| Problem details |
From the listing that follows, reproduce only the lines from the one holding "就目前而言,歐洲主要有大眾、" through the one holding "This sleek, straight", both included, with no pictures.

| Exercise data |
◇ ◇ ◇

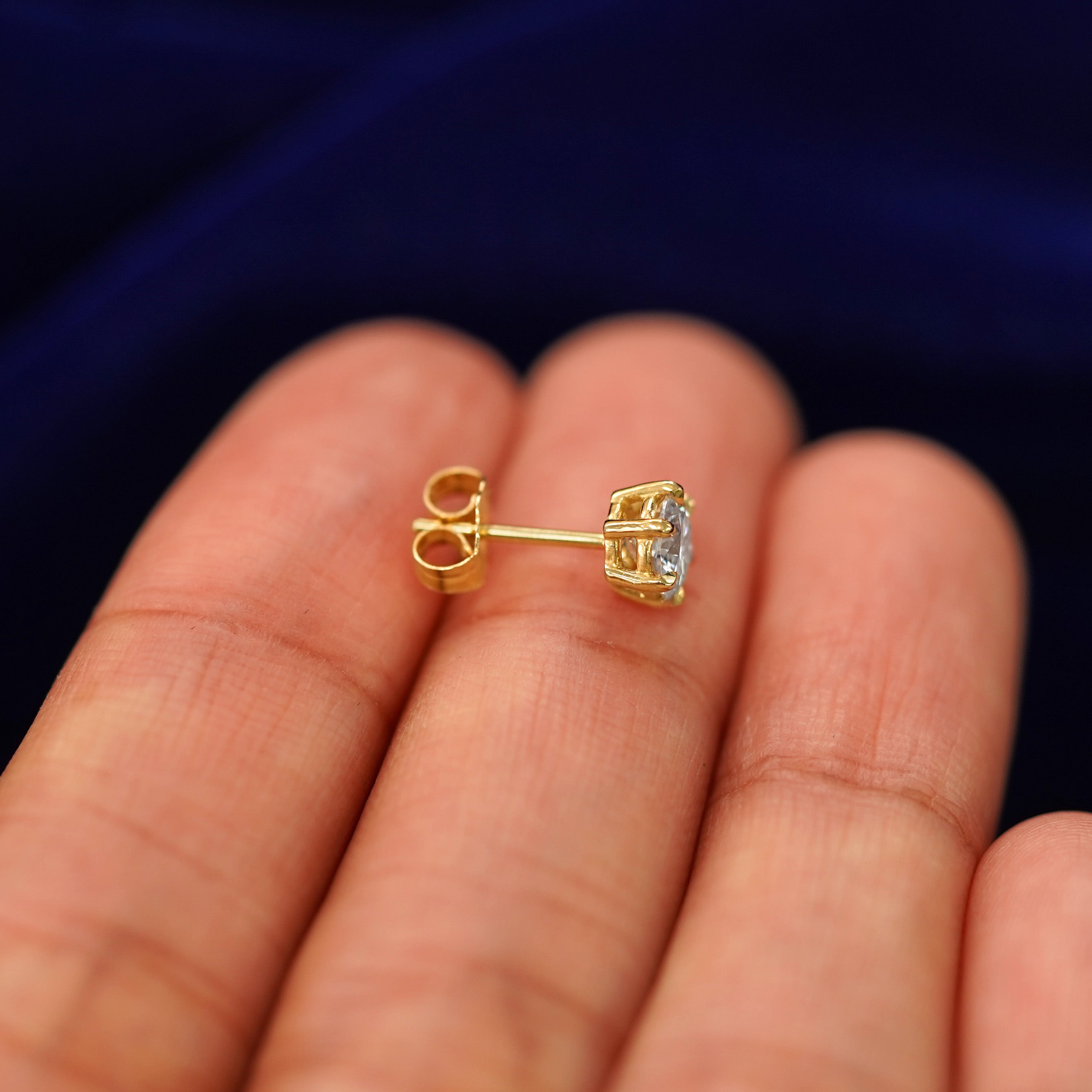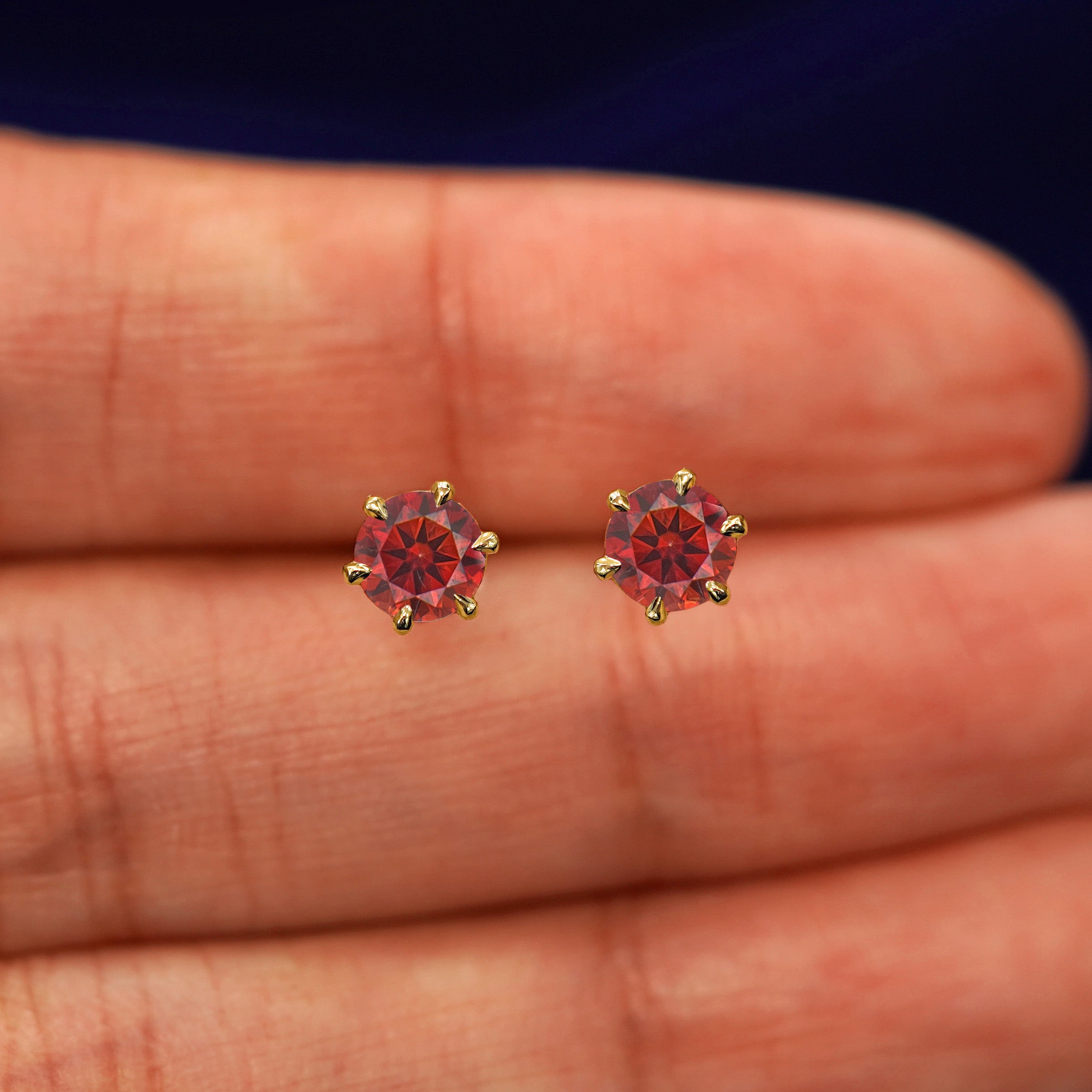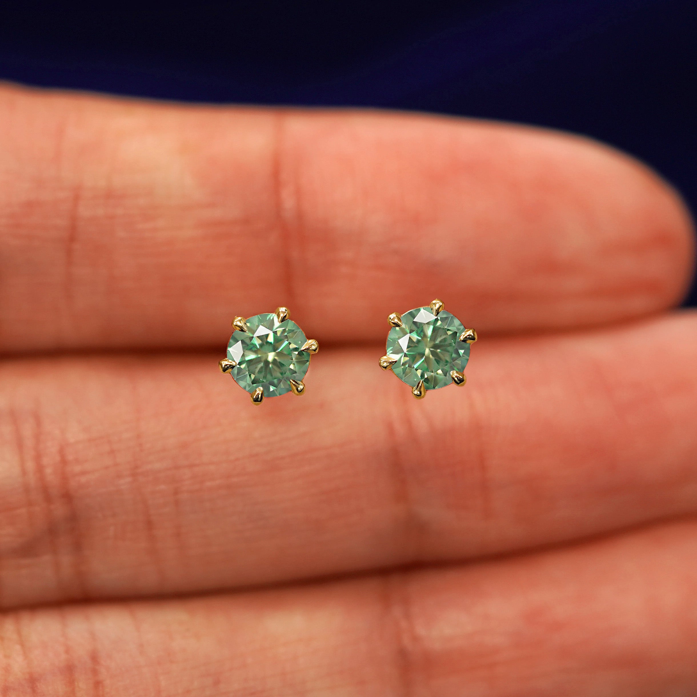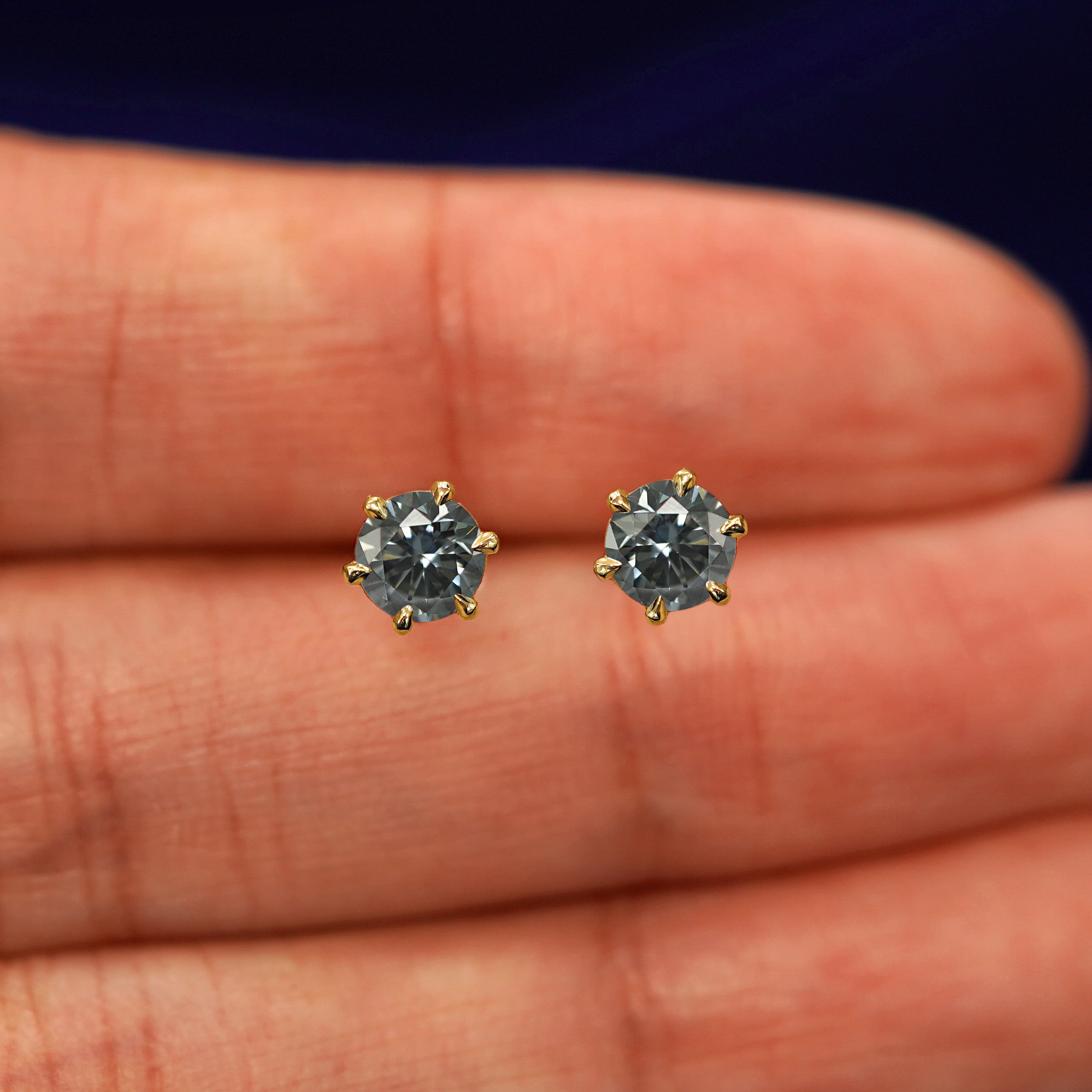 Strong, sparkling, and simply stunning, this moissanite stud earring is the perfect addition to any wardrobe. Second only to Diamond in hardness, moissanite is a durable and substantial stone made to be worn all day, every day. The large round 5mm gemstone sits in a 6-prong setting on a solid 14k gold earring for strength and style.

◇ ◇ ◇

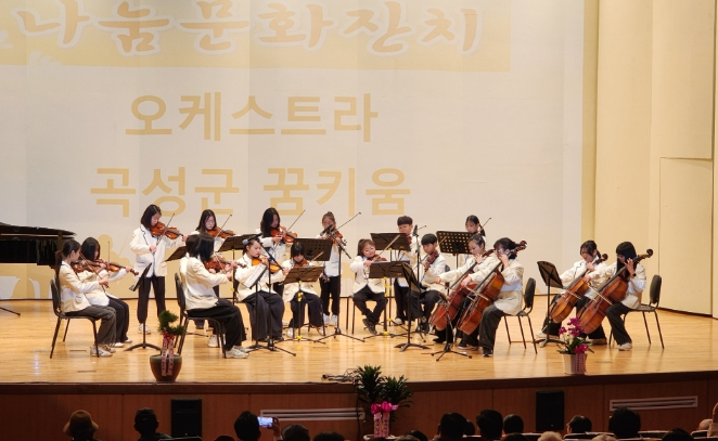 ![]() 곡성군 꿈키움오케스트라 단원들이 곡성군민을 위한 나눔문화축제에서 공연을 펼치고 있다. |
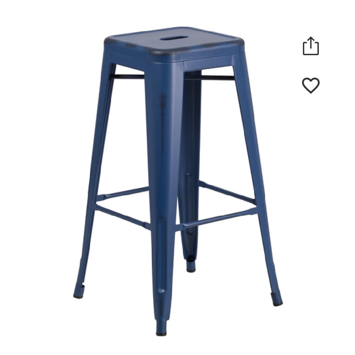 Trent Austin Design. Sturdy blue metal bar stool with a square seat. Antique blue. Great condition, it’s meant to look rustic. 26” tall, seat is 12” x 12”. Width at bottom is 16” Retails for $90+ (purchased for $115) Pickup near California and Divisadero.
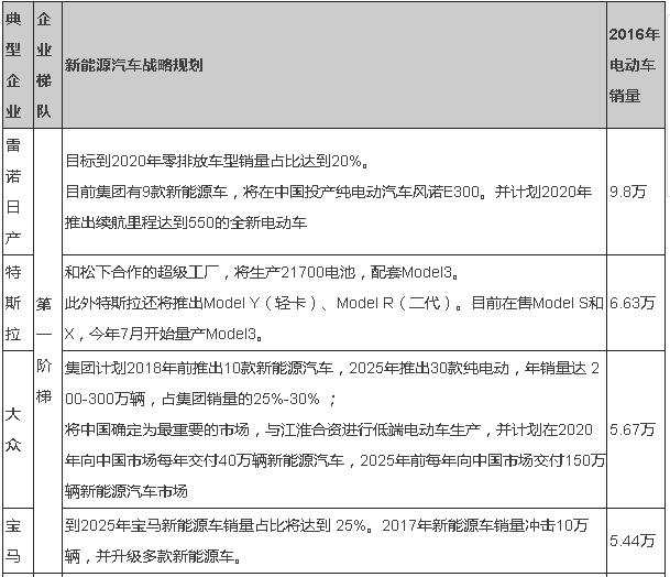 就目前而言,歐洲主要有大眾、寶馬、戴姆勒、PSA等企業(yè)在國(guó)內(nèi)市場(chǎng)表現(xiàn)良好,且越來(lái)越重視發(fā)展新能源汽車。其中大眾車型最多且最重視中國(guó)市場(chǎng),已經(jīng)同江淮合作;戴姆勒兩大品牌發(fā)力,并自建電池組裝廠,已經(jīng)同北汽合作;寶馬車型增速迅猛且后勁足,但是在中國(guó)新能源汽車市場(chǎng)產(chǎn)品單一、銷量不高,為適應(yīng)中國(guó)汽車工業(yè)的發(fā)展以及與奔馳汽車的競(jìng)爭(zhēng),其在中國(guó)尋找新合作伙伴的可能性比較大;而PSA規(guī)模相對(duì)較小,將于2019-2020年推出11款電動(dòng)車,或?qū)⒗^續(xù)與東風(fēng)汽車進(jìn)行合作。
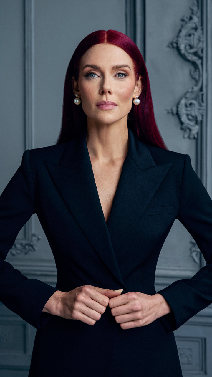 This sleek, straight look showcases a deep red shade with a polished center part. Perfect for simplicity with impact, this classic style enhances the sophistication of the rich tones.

◇ ◇ ◇

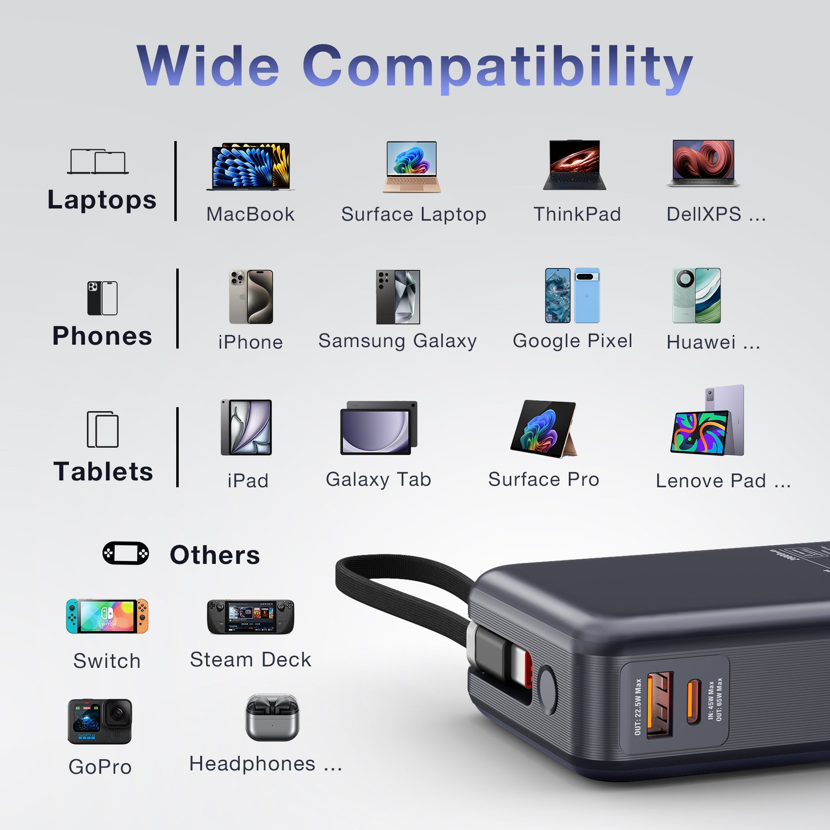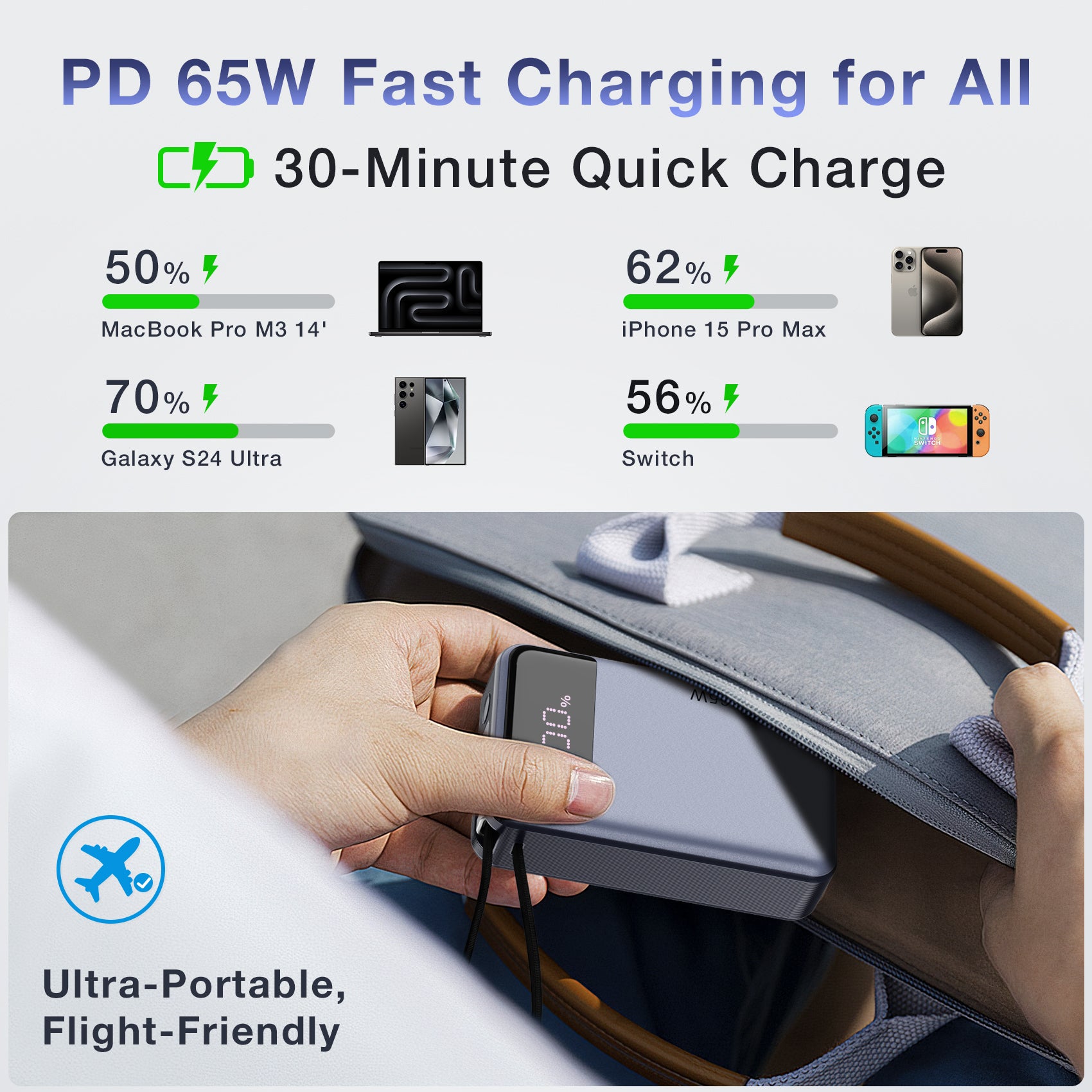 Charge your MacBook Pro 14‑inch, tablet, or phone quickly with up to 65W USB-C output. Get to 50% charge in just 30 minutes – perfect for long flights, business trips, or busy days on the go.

◇ ◇ ◇

| Result for this exercise |
 就目前而言,歐洲主要有大眾、寶馬、戴姆勒、PSA等企業(yè)在國(guó)內(nèi)市場(chǎng)表現(xiàn)良好,且越來(lái)越重視發(fā)展新能源汽車。其中大眾車型最多且最重視中國(guó)市場(chǎng),已經(jīng)同江淮合作;戴姆勒兩大品牌發(fā)力,并自建電池組裝廠,已經(jīng)同北汽合作;寶馬車型增速迅猛且后勁足,但是在中國(guó)新能源汽車市場(chǎng)產(chǎn)品單一、銷量不高,為適應(yīng)中國(guó)汽車工業(yè)的發(fā)展以及與奔馳汽車的競(jìng)爭(zhēng),其在中國(guó)尋找新合作伙伴的可能性比較大;而PSA規(guī)模相對(duì)較小,將于2019-2020年推出11款電動(dòng)車,或?qū)⒗^續(xù)與東風(fēng)汽車進(jìn)行合作。
 This sleek, straight look showcases a deep red shade with a polished center part. Perfect for simplicity with impact, this classic style enhances the sophistication of the rich tones.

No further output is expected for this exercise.